*What you have to do*: Where the line containing "ボンネットのやや右寄りにクッ" appears, begin retyping; continue exactly through the final line of the data. Omit every picture.

*Items from a data source*:
################
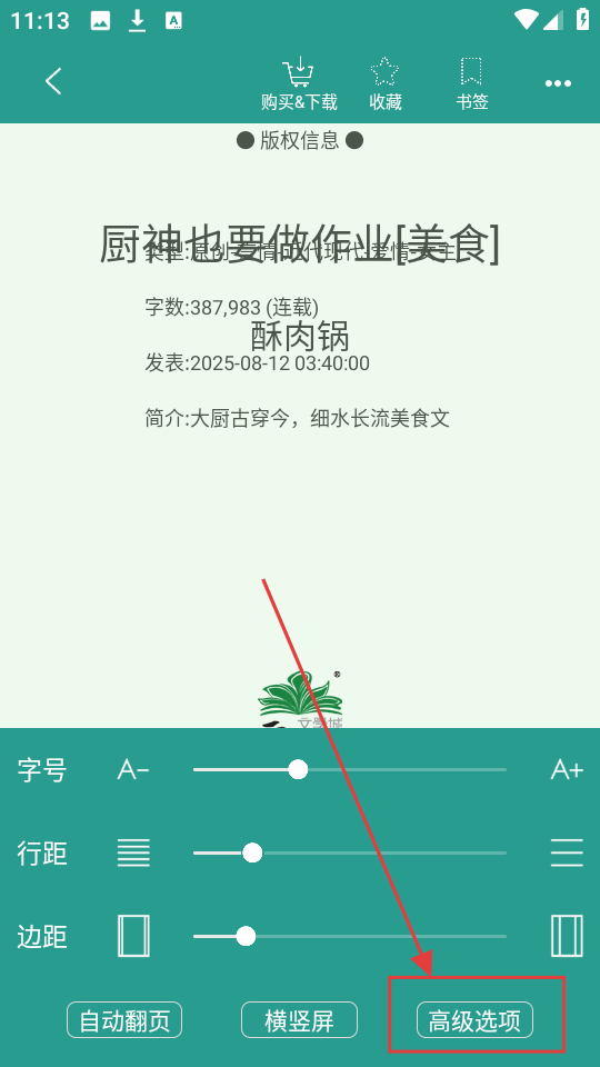 3、在设置里,若想进一步自定义阅读,点击【高级选项】,进入高级设置页面。
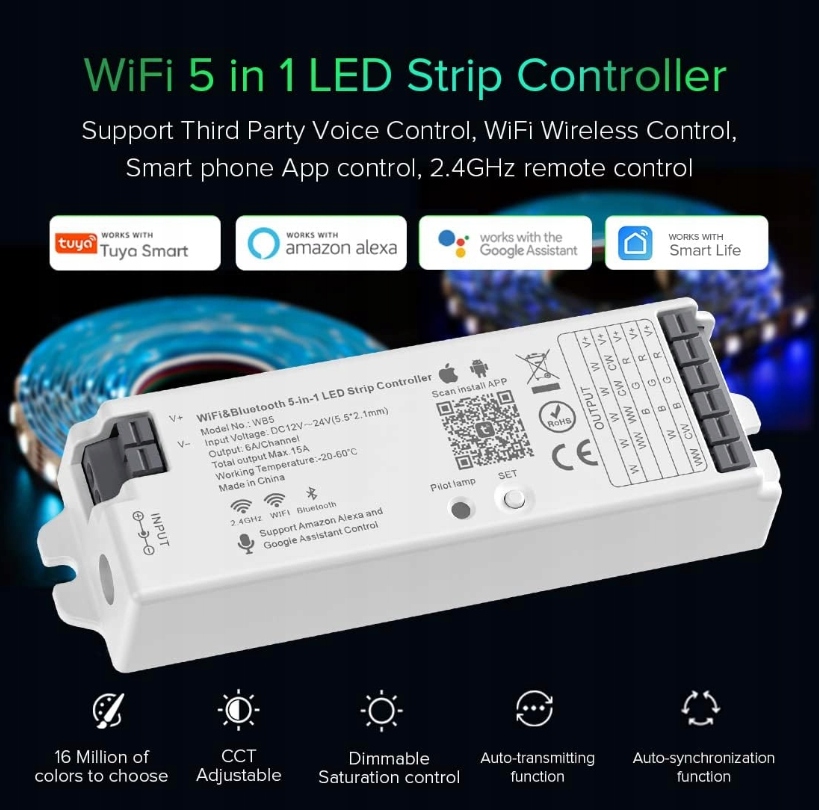 - Цей контролер підтримує монохромне управління стрічкою , WW+CW, RGB , RGBW, RGB+CCT. доступні дві версії: WB5 та WL5. Існує невелика різниця в продуктивності між ними. B> Цей контролер працює з Alex та Google Assistant. >
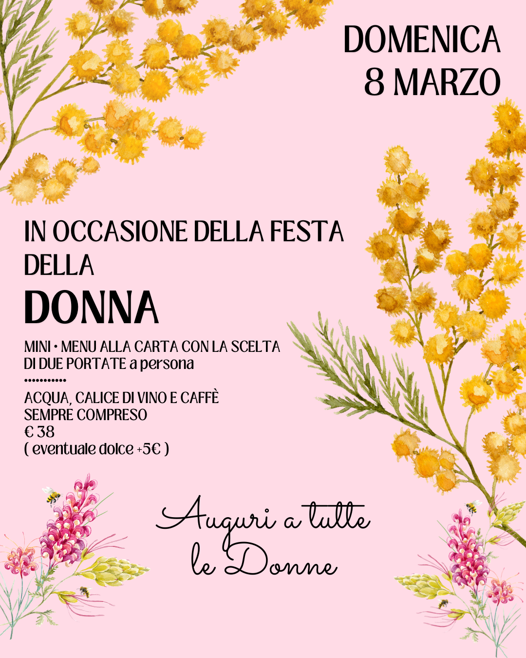 IN OCCASIONE DELLA FESTA DELLA DONNA, DOMENICA 8 MARZO A PRANZO , ABBIAMO PENSATO AD UN MINI-MENU ALLA CARTA PER CELEBRARE QUESTA GIOIOSA GIORNATA!
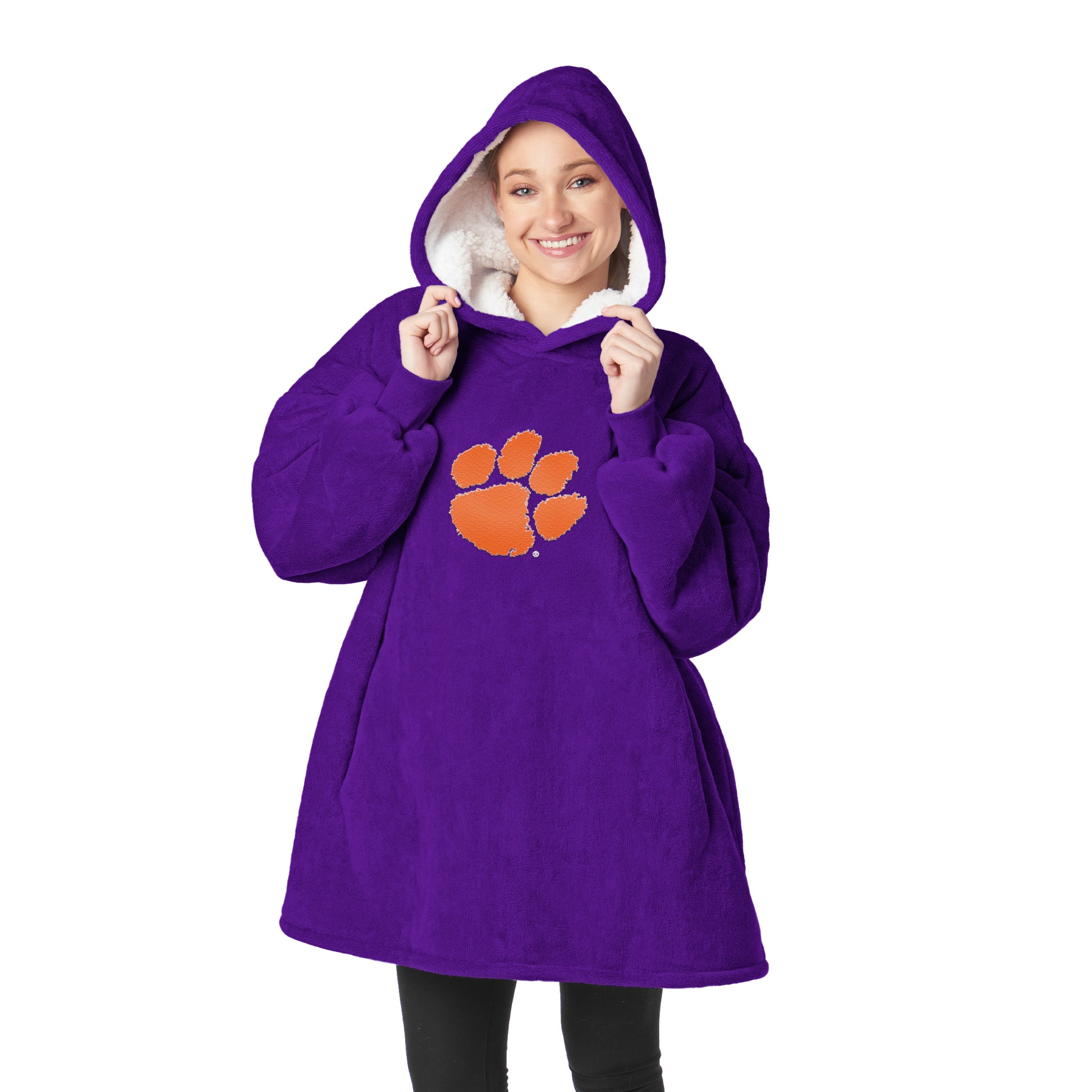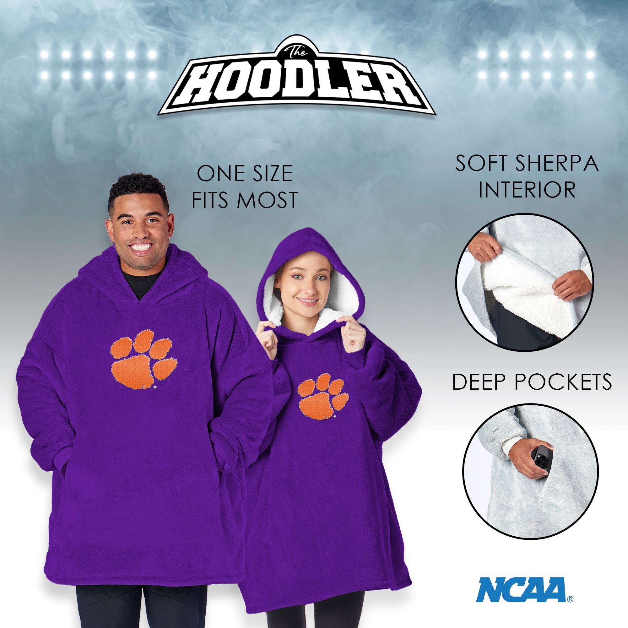 Wrap yourself in ultimate comfort with the NCAA “Hoodler” Pullover Hoodie. This oversized hoodie is designed for cozy moments, with a sherpa-lined interior that feels like you’re wearing a soft, warm blanket. Pairs perfectly with your favorite lounge attire or game-day outfit. With a large front pocket, you can easily keep your hands warm or stash your phone and snacks while you enjoy some downtime. Whether you’re watching the game, running errands, or just relaxing at home, this hoodie is made for maximum comfort without sacrificing style. Officially licensed and proudly featuring your team logo, this hoodie shows off your school spirit wherever you go. Whether you’re cheering from the couch or hanging out with friends, this Hoodie has you covered. Makes a perfect gift for students, alumni, or die-hard fans who love to stay warm while repping their team.
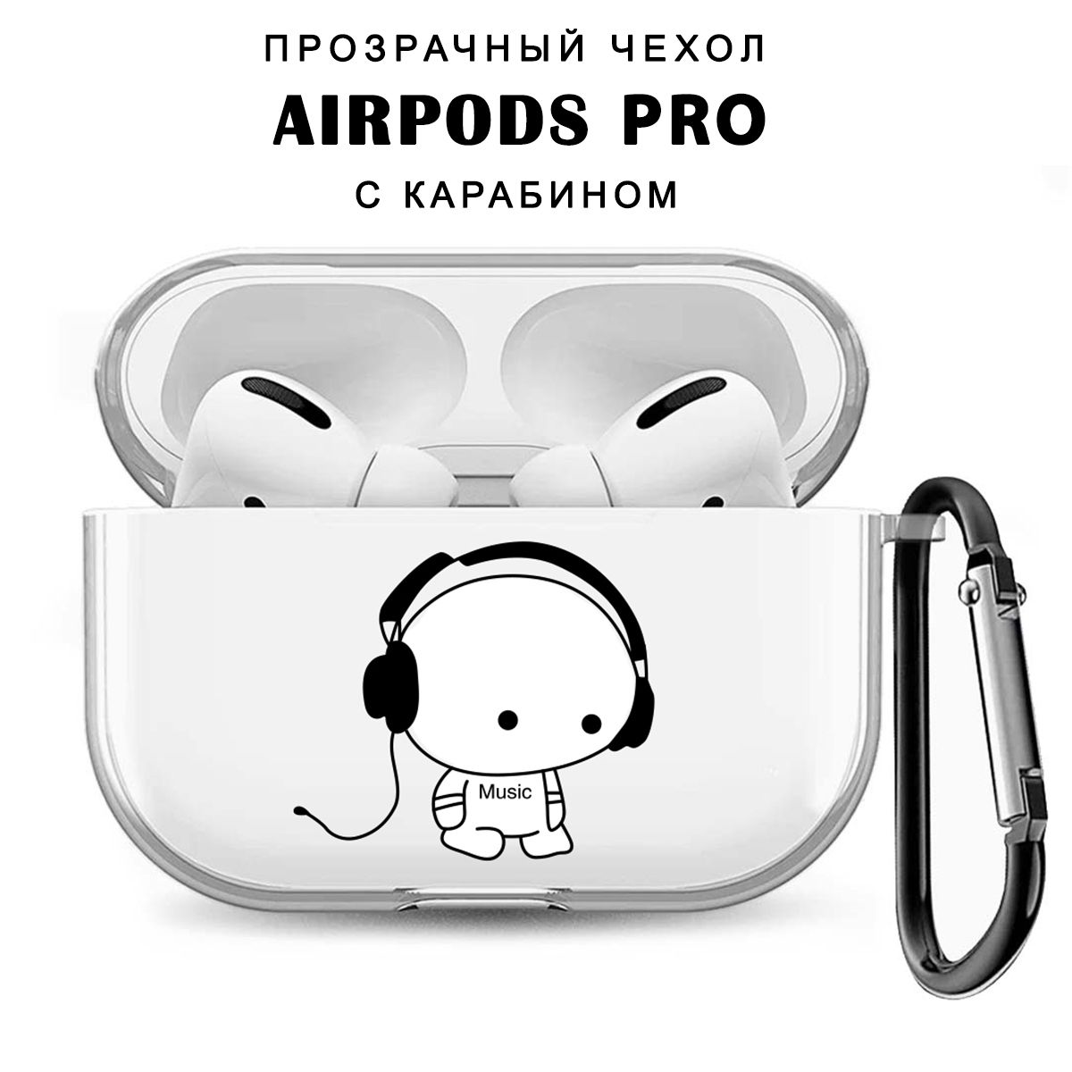 Чехол для наушников AirPods Pro ( на Аирподс Про ) силиконовый прозрачный с принтом
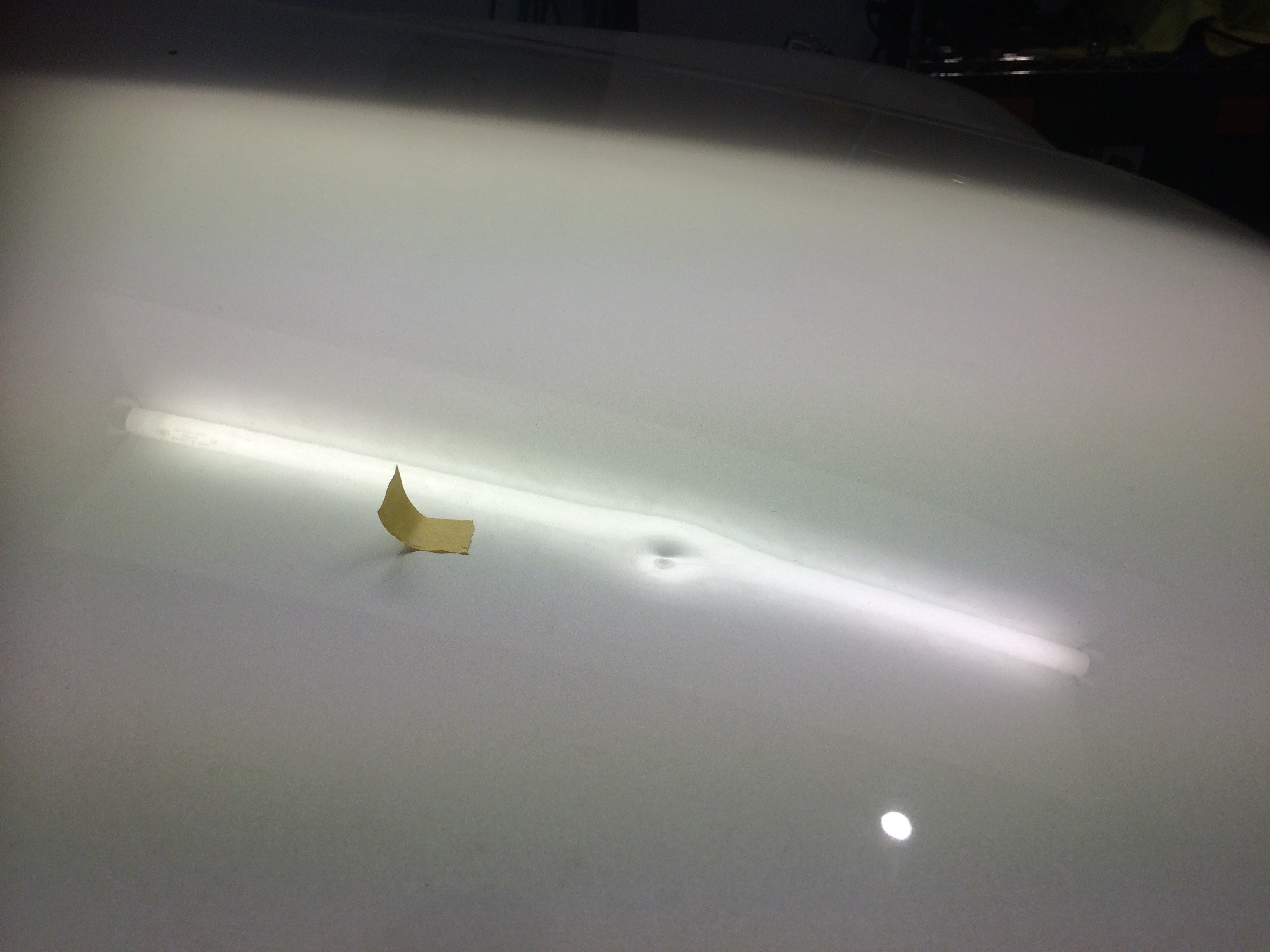 ボンネットのやや右寄りにクッキリと凹んでおります。結構一点集中の深めの凹みです。(^_^;)
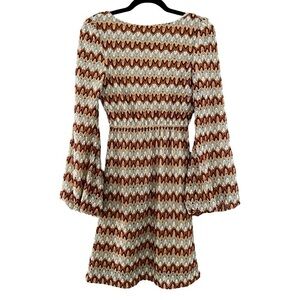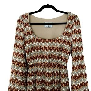 JUDITH MARCH Knit Crochet Brown Neutral Stripe Bubble Sleeve Dress Sz M
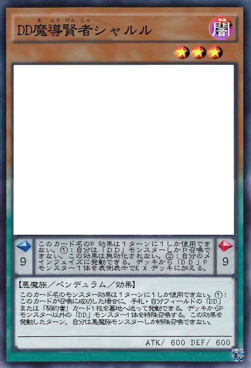 | このカード名のモンスター効果は1ターンに1しか使用できない。①:このカードが召喚に成功した場合に、手札・自分フィールドの「DD」または「契約書」カード1枚を墓地へ送って発動できる。デッキからPモンスター以外の「DD」モンスター1体を特殊召喚する。この効果を発動したターン、自分は悪魔族モンスターしか特殊召喚できない。 | |||
################
*Solution below*:
 ボンネットのやや右寄りにクッキリと凹んでおります。結構一点集中の深めの凹みです。(^_^;)
 JUDITH MARCH Knit Crochet Brown Neutral Stripe Bubble Sleeve Dress Sz M
 | このカード名のモンスター効果は1ターンに1しか使用できない。①:このカードが召喚に成功した場合に、手札・自分フィールドの「DD」または「契約書」カード1枚を墓地へ送って発動できる。デッキからPモンスター以外の「DD」モンスター1体を特殊召喚する。この効果を発動したターン、自分は悪魔族モンスターしか特殊召喚できない。 | |||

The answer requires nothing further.